Herman Goodden. Curtain Rising: The History of Theatre in London. London: London Regional Art and Historical Museums, 1993. 109 pp illus. paper.

PATRICK B. O'NEILL

Herman Goodden has written a short monograph that surveys the development of theatre in London, Ontario, from the first productions by the military on 7 December 1839 until the death of Larry Lillo in June of 1993. As clearly stated in the Foreword, this is not a lengthy scholarly text but rather a modest publication that highlights the theatre history of London in seven brief chapters--the Garrison tradition, the early resident companies, the Holmans, the Heyday of the touring shows, the revival of the amateur tradition, the London Little Theatre, and Theatre London. On balance, the last two chapters are the most successful. Better research and organization facilitates a clearer line of exposition than in the first five sections, which are somewhat patchy and not as well integrated thematically. Nevertheless, as a pioneering introduction to theatre in London and a source of previously unpublished information (G. Simcoe Lee debuted in the role of Chloe in High Life Below Stairs on 17 January 1844), the work is a valuable addition to our knowledge of theatre history.

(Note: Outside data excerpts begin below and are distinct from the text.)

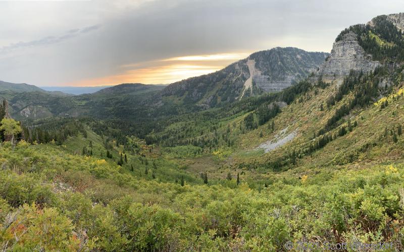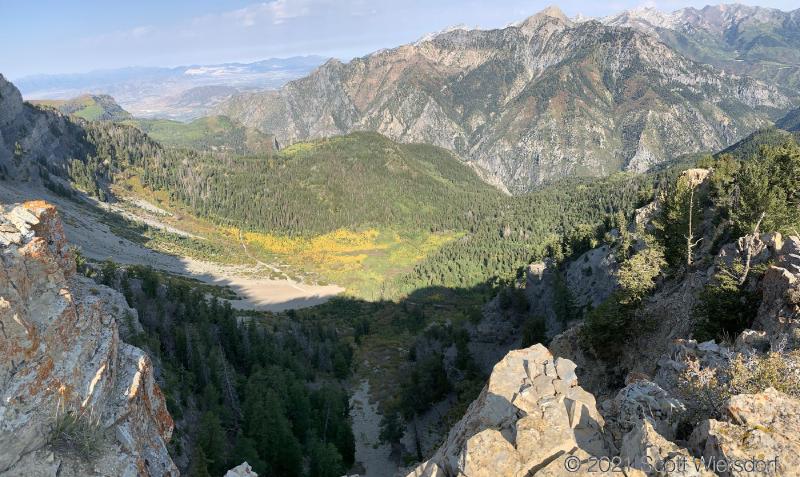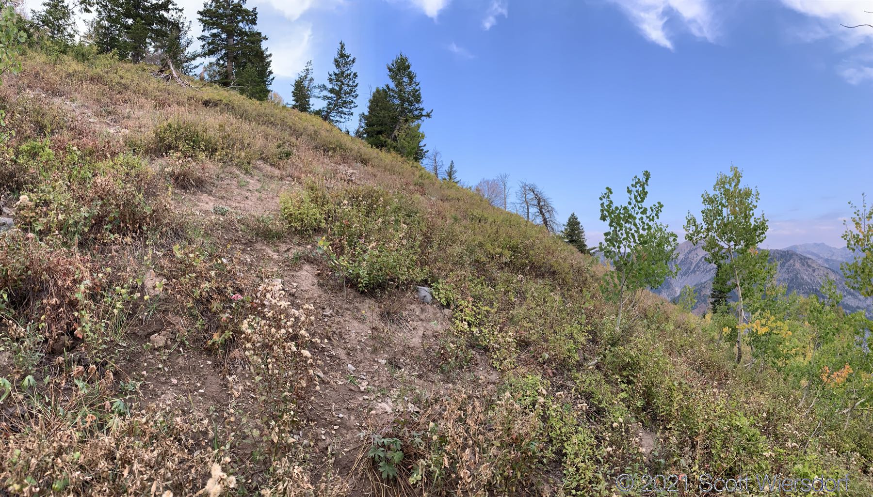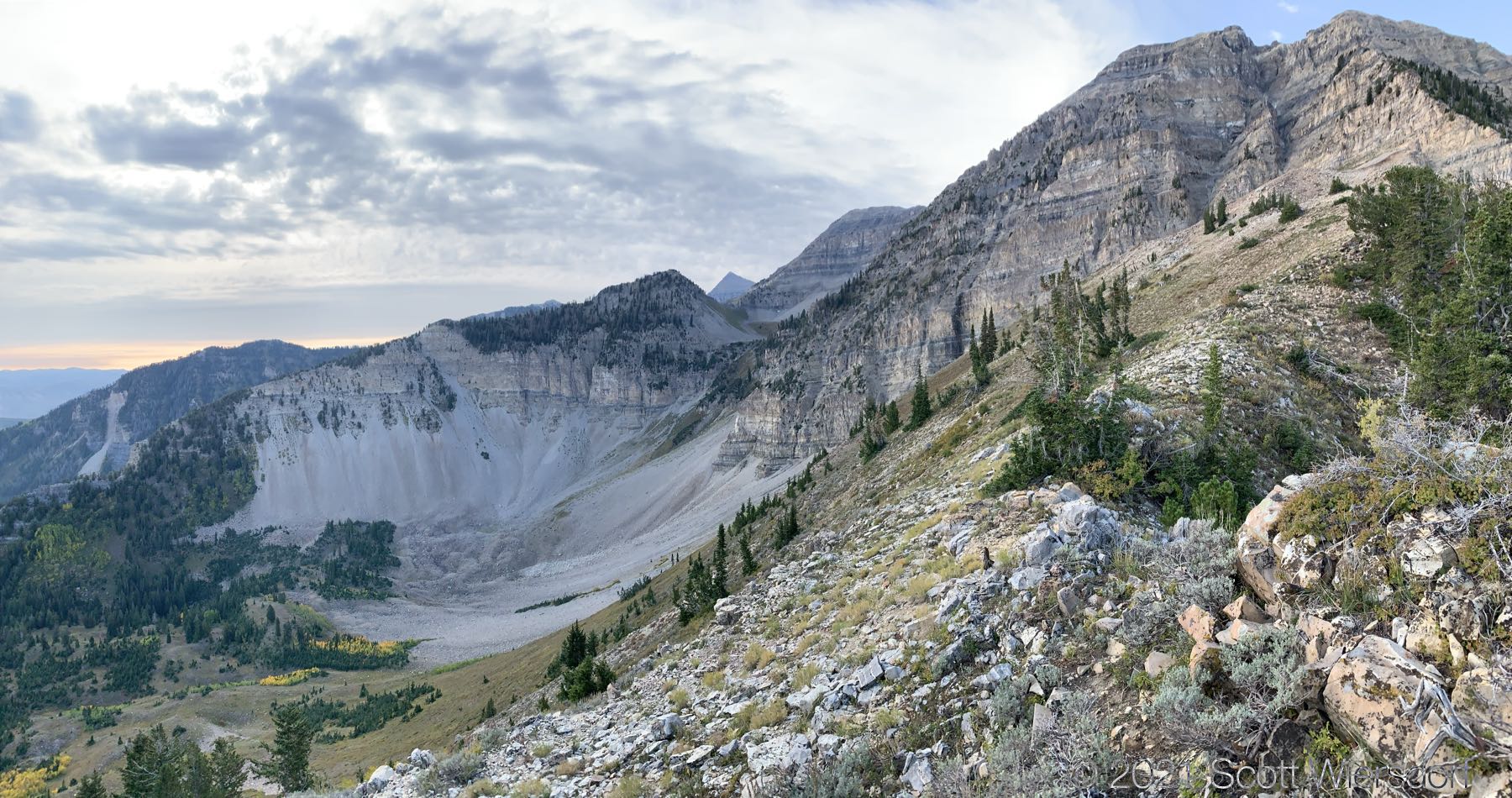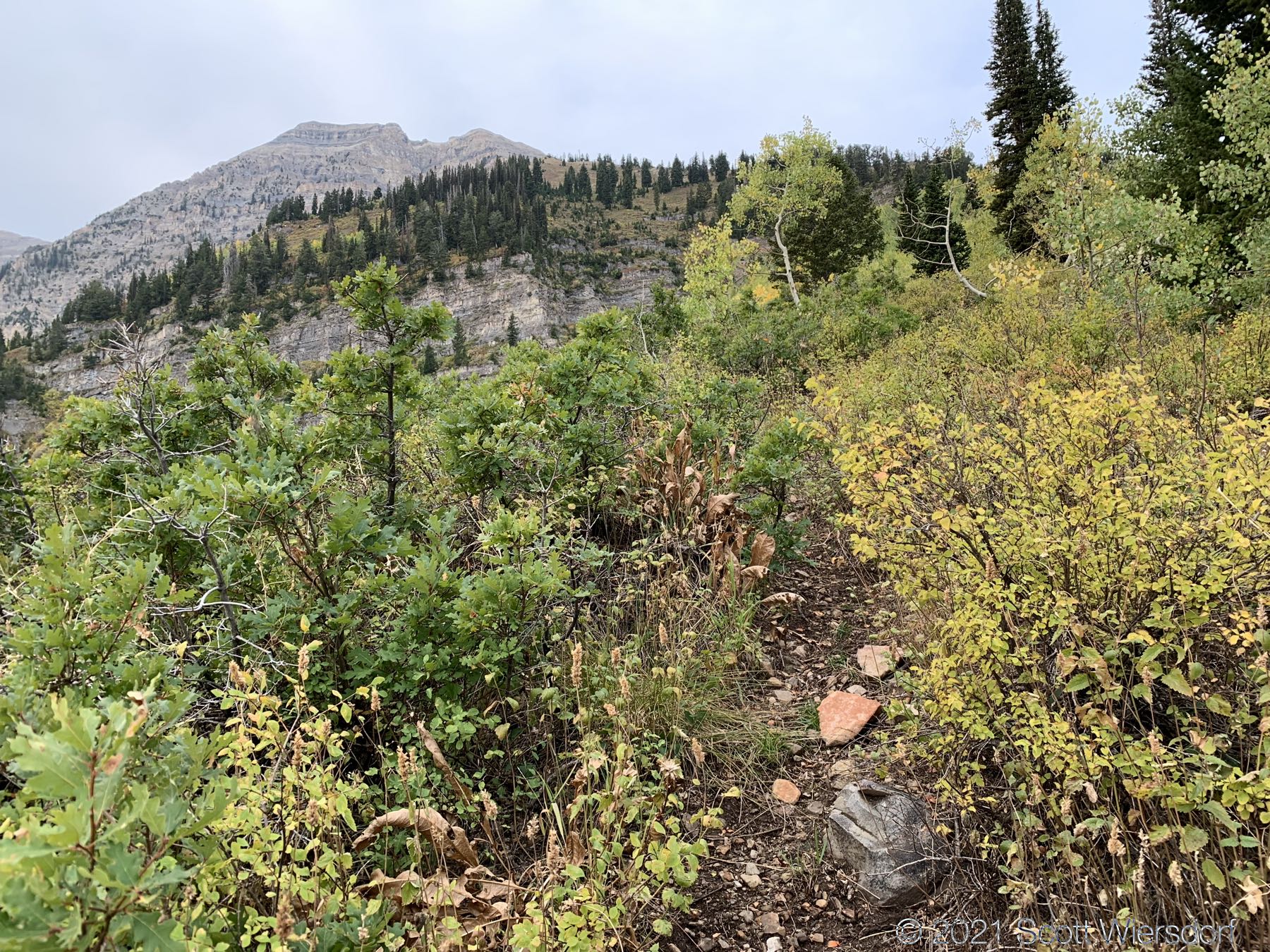 As you continue southwest up the ridge, you’ll get into some conifers and breathtaking views of North Timpanogos looking west: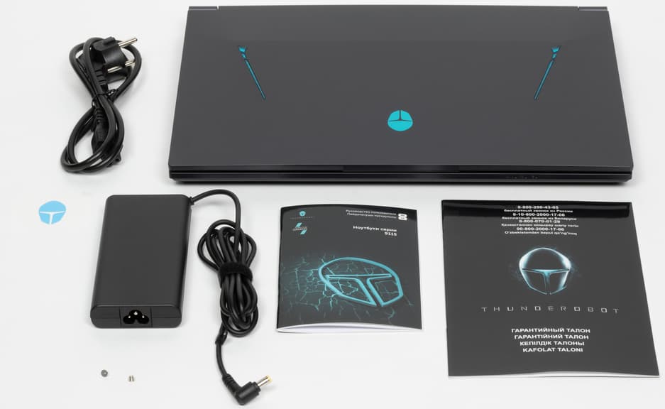 В комплекте, кроме самого ноутбука, идёт блок питания со сменным входным кабелем (длина 0,9 метра) и распаянным выходным (1,7 м, есть фиксатор-"липучка"), а также пара винтов для крепления дополнительного накопителя (мелочь, а приятно), наклейка-логотип и печатные материалы на русском языке.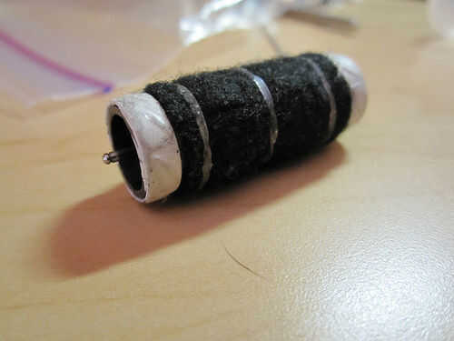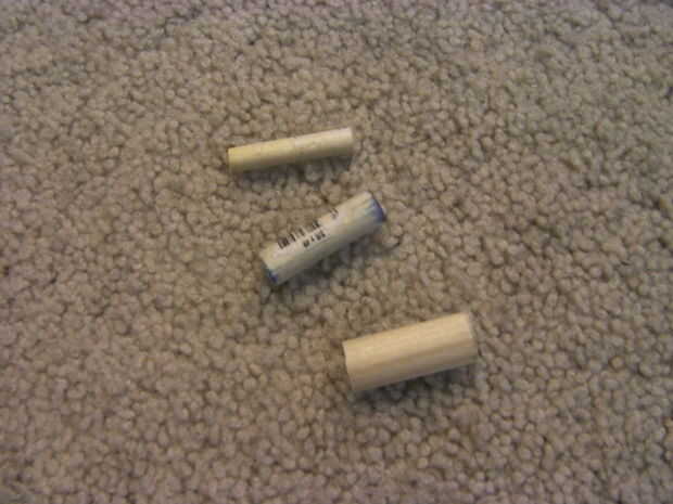 Para el cepillo de fregado fácil, mida la longitud entre cada uno de los brazos y luego cortar un trozo de su clavija de madera. A continuación pegamento caliente la espiga a cada una de las aspas del ventilador (así se puede luego quitar, si es necesario). Luego, tome un pedazo de (negro) fieltro y Envuélvala alrededor de la espiga, que junto con bandas de goma caliente pegamento. Y hay que ir!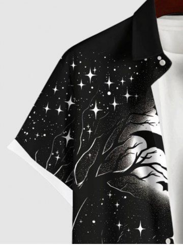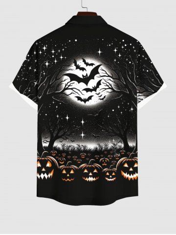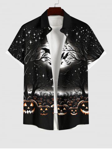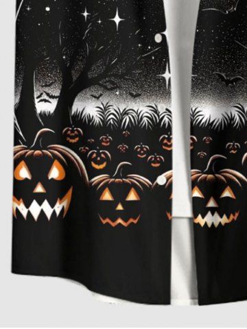 Chemise D'Halloween Citrouille Lune Etoile et Chauve-souris Imprimés Grande Taille avec Poche - Noir - Noir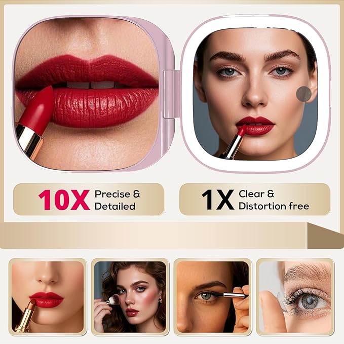 Adjustable Brightness Compact Mirror, Lighted Travel Mirror with 1X/10X Magnifying,Double Sided,Mini Dimmable Portable for Handbag and Pocket, USB C Charging,for Girls Women(Pink)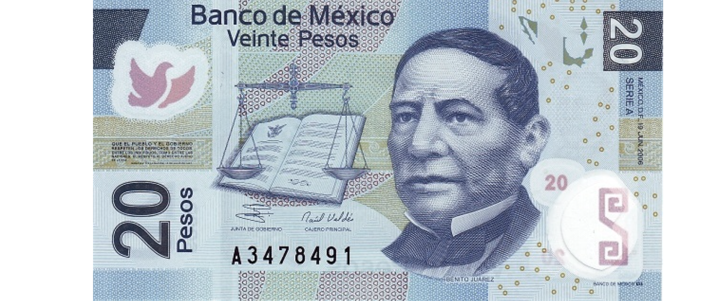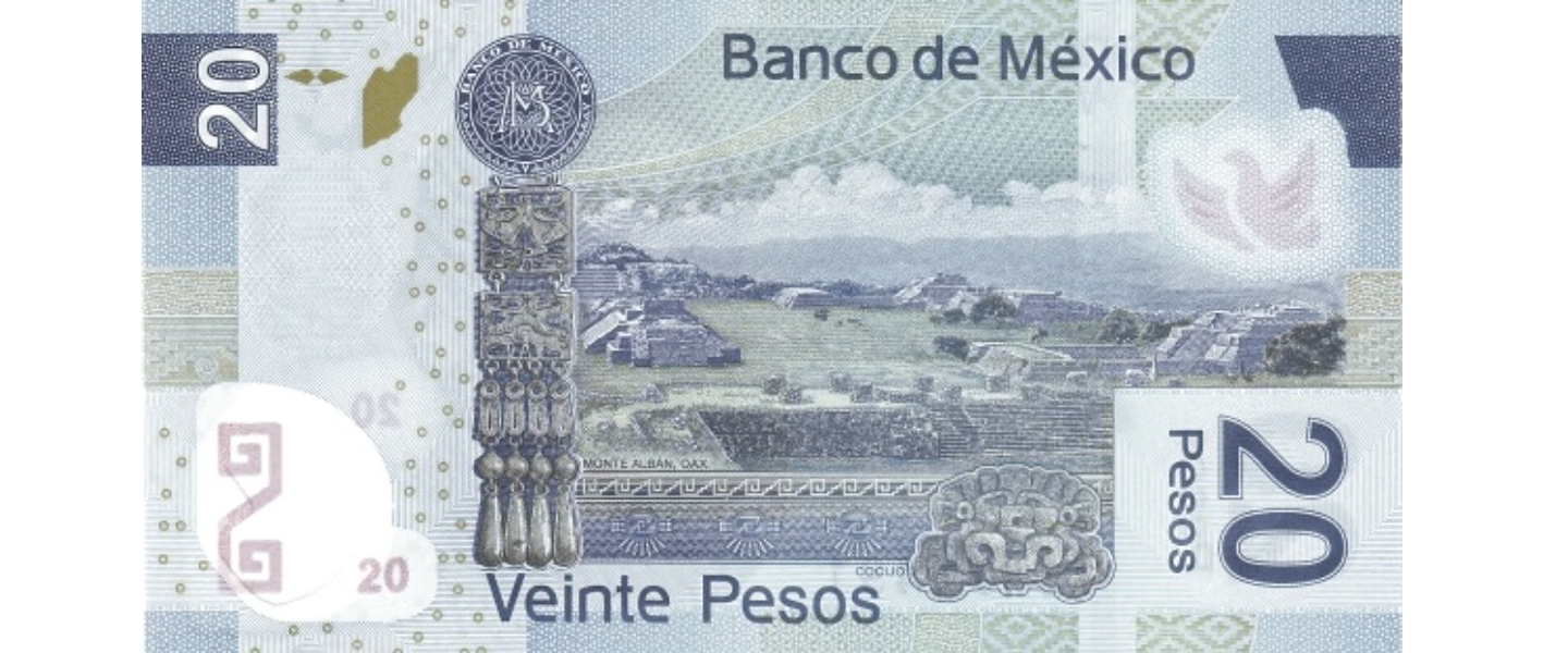 20 Pesos, 2006, SIN CIRCULAR (UNC), material: polímero, anverso: Benito Juárez, reverso: Ruinas de la antigua capital de los Zapotecas en Monte Albán (Oaxaca).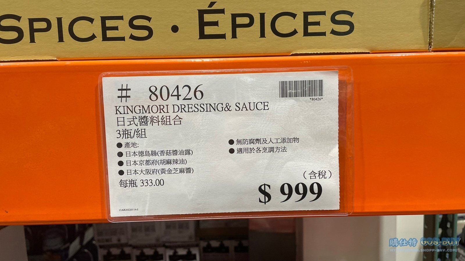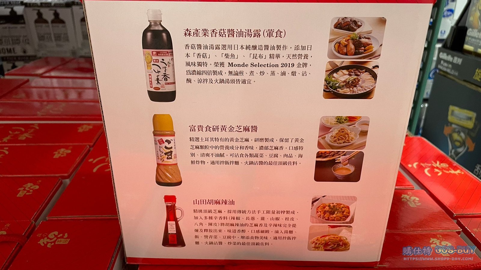 家食品麵包類調味料 KINGMORI DRESSING & SAUCE 日式醬料組合 3瓶/組 #80426 By 網站小編 2022 年 4 月 21 日 290 產品資訊 產品資訊 產品名稱KINGMORI DRESSING & SAUCE 日式醬料組合 3瓶/組 #80426價格999產地日本包裝規格3瓶組保存期限依包裝所示備註日本德島縣(香菇醬油露)日本京都府(胡麻辣油)日本大阪府(黃金芝麻醬)無添加防腐劑及人工添加物適用於各烹調方法→商品問題回報← 相關 標籤日本醬油胡麻油芝麻醬 前一篇文章KEWPIE 日本進口和風醬 1公斤 (WASABI口味) #167117下一篇文章KELLOGG’S家樂氏香甜玉米片 #91610 網站小編https://shopp-day.com 或許你也感興趣 價格優惠資訊 2025好市多客製生日蛋糕價格表 價格優惠資訊 好市多Line社群加入方法 保健品&藥品 新甘木堅胃腸藥顆粒40包 #194496 購仕特-CosBuy 查詢排行 價格優惠資訊 2025好市多客製生日蛋糕價格表 價格優惠資訊 好市多Line社群加入方法 保健品&藥品 新甘木堅胃腸藥顆粒40包 #194496 價格優惠資訊 2025好市多會員護照-春季專案商品一覽表 價格優惠資訊 好市多美國牛肉整箱銷售價格表(2024/5/7) 裝載更多 熱門推薦 價格優惠資訊 2025好市多客製生日蛋糕價格表 價格優惠資訊 好市多美國牛肉整箱銷售價格表(2024/5/7) 價格優惠資訊 好市多日本和牛價格表 2024.4.29更新 冷藏食品 美國特選無骨牛小排火鍋片#25737 冷藏食品 舊振南英式馬芬米福堡#143387 裝載更多

Goodden's methodology is primarily a work of synthesis: the author combines his own conversations with theatre practitioners with newspaper clippings (including his own reviews) and various unpublished sources housed in the London area, such as an unpublished manuscript by Catharine McC. Brickenden that details her connections to the London theatre scene beginning in 1932 and Alice Gibb's unpublished "Sewers and Sidewalks: A Look at the Development of Theatre London." Regrettably, the author apparently made little effort to augment his results with published scholarship in the field. The absence of Early Stages and The Oxford Companion to Canadian Theatre from his endnotes reveals two examples of fundamental sources that he failed to consult.

Authors, however, should be judged on how well they achieve what they intend, rather than on what the academic community wishes they had intended. Despite a number of academic shortcomings, Curtain Rising must be considered in its designated market. Undertaken as a project for the London Regional Art and Historical Museums, the book is designed for popular reading by the London community, and provides that public with a compassionate look at its theatrical past. There are few areas within this compact account of London's theatre history that the general reader will not find interesting, and the inclusion of numerous photographs aids in personalizing the people who created that history. The real strength of this work lies in the author's very readable style. In describing the first piece of dramatic criticism to appear in the London Herald on 7 January 1843, Goodden writes:

This review wonderfully combines many of the salient qualities to be found in the local reviews of the period--a scattershot spewing of witless superlatives interspersed with a few stray bricks of perfectly brutal nastiness and the whole thing glossed over with a disconcerting sheen of incomprehension.

Such lines afford a pleasurable enlightenment to the general reading public, and to academic readers as well.